An Interesting Relative | Teen Ink

An Interesting Relative

January 8, 2015
By Anonymous

Auntie Kelly's house was compact. In fact, she lived in a loft. Her house was always really loud and colorful.
Brightly painted extravagant picture frames held delicate memories or crude pop culture humor references and they danced across the wall of her living room. A red, violet, and orange paisley couch fell right below the collection of photographs and prints. And across the way, over a large wooden rectangular coffee table covered with magazines and candles, Auntie Kelly owned probably the biggest television I've ever seen. To a seven year old, the living room seemed almost like a movie theatre. White twinkling Christmas lights illuminated the room and wrapped around railings and banisters, loosely around the windows, and bordered a tapestry on the wall.

Three old bulldogs, Max, Georgia, and Gus, lay beside the coffee table on a brightly colored knotted throw-rug snorting. Her living room as well as the rest of her house always smelled sweet like warm vanilla.
Her kitchen was also small, but there was enough packed into it that the room seemed like an aisle of a grocery store. Auntie Kelly believed in experimenting and in figuring things out for yourself. She was known to have her experiments turn out spectacular, and they usually were our meals.

When we were small, we never realized that what she made was actually very healthy. She always looked out for my brother and I.


My brother and I would have to call Auntie Kelly on our own to get picked up because our mother especially was not willing to drive us over.


Our neighborhood growing up was almost always silent. It was filled with older people and our house was the only one with kids. A low rumble floated through the empty streets and through the screened in porch.
"She's here", my brother whispered as grins crept across our faces. Grabbing the purple and orange backpack that my little brother brought with him everywhere, we ran out the front door, let the screen door slap up against the frame, and darted up to her car. She drove a black 1998 Jeep Cherokee. She called her car Darcey, and Darcey took us all over on numerous adventures. We would end up going to garage sales, the movies, the carnival during the summer, pet shops, the mall, or where ever else we wanted to make a pit stop.


When we were small, none of my cousins or I could figure out why Auntie Kelly wasn't married or didn't have a boyfriend. She once dated a guy named Kenny but we only saw him twice.


She was thin, pretty, had long blonde hair, and she wasn't old or anything. She knew how to dress herself and was extremely patient and kind.

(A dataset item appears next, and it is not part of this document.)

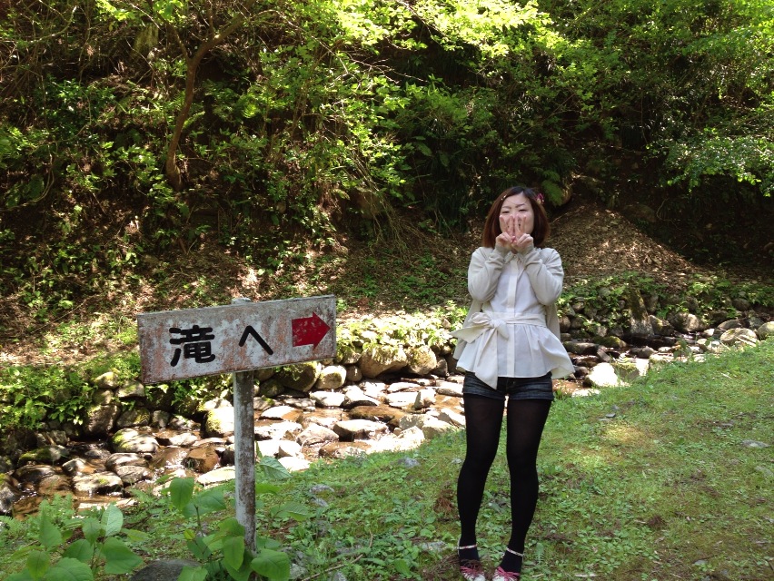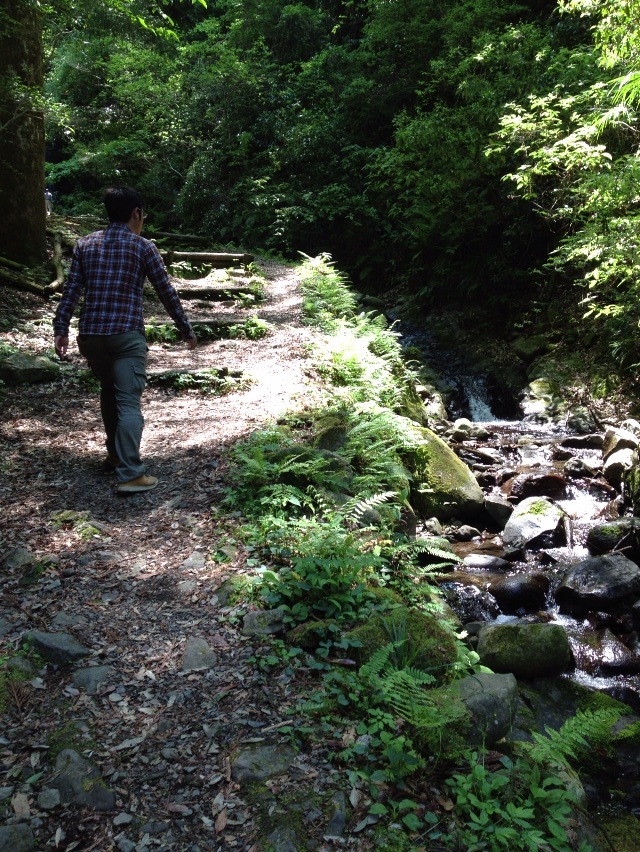 山道は結構急斜面で、思いのほか滝まで遠く、

At pajama parties when we would watch girly movies, she would laugh or almost criticize some of the girl's actions about their boyfriends. How they would change themselves to act differently and try to do whatever they could to get the guy. Sometimes I didn't understand her humor. She told me multiple times that I shouldn't ever do what the girls in the movies were doing and that the boy wasn't worth it. She also told me that I could do whatever I wanted. I could do whatever the boys were doing. I shouldn't let them talk down to me, despite the fact that I was the oldest. It seemed strange at the time, but I listened.

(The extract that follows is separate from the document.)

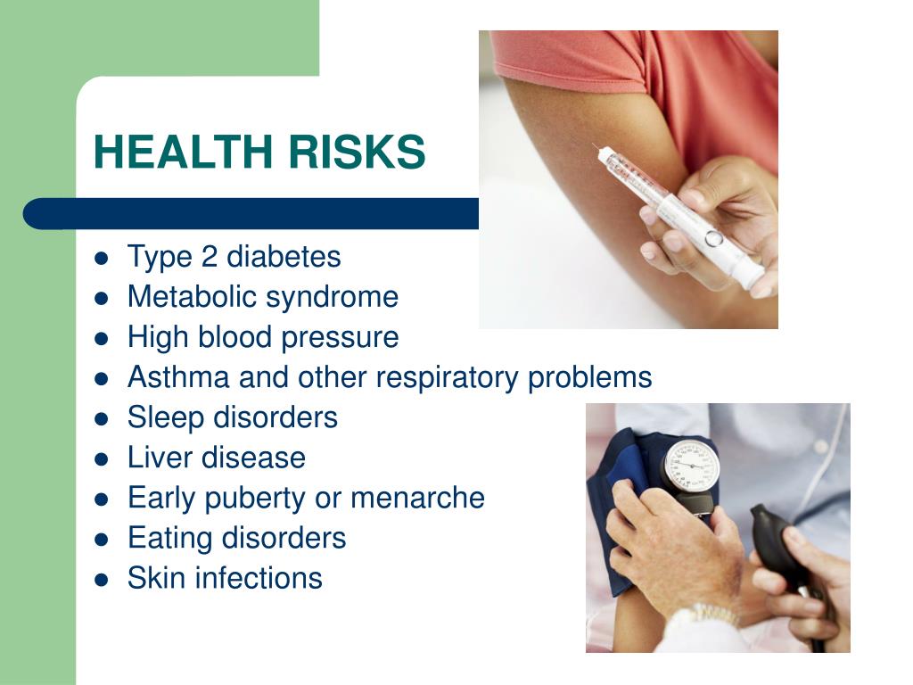 HEALTH RISKS • Type 2 diabetes • Metabolic syndrome • High blood pressure • Asthma and other respiratory problems • Sleep disorders • Liver disease • Early puberty or menarche • Eating disorders • Skin infections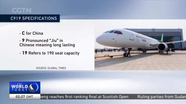 The C919's name is meant to convey its status to the world. C for China The number 9 is pronounced "Jiu" in Chinese, meaning "Long Lasting". And 19 for the 190 seat capacity in its largest configuration. The new narrow body jet is 38.9 meters long, nearly 12 meters high with a wingspan of 35.8 meters. The C919 has a range of 5,555 kilometers with a top speed of about a thousand kilometers per hour. It can fly at an altitude of 12,100 meters.

I ended up growing up and her lessons stuck with me. My parents decided that my brother and I shouldn't be spending so much time with her and we didn't talk for a while. I suppose that with my conservative parents, they didn't want me being around someone with completely different ideals than them. She was outspoken and fought for the things that she wanted. She was someone who had taught herself to stick up for herself and led an alternative lifestyle.

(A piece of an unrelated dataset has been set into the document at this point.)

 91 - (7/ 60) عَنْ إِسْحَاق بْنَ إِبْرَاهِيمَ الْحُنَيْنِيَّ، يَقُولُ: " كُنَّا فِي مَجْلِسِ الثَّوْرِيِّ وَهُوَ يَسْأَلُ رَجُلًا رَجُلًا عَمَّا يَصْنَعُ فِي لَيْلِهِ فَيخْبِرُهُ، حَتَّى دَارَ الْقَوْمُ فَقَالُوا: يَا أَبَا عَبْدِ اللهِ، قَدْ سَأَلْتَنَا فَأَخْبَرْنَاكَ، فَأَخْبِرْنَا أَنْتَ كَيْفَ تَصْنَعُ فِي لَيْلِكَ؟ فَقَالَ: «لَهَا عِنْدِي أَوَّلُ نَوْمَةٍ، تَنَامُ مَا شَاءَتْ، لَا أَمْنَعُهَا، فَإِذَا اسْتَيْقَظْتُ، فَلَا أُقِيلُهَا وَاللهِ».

I've seen my aunt only a handful of times after our parents telling us that we weren't allowed to go over to her house anymore or have her pick us up for the day. Always giving her tight ginormous hugs, I'd thank her for everything she taught me.


Growing up with one of the strongest and smartest women I've known, my Auntie Kelly, I feel almost like I was given a lot of prior knowledge that other girls wouldn't receive for years. I'm forever thankful.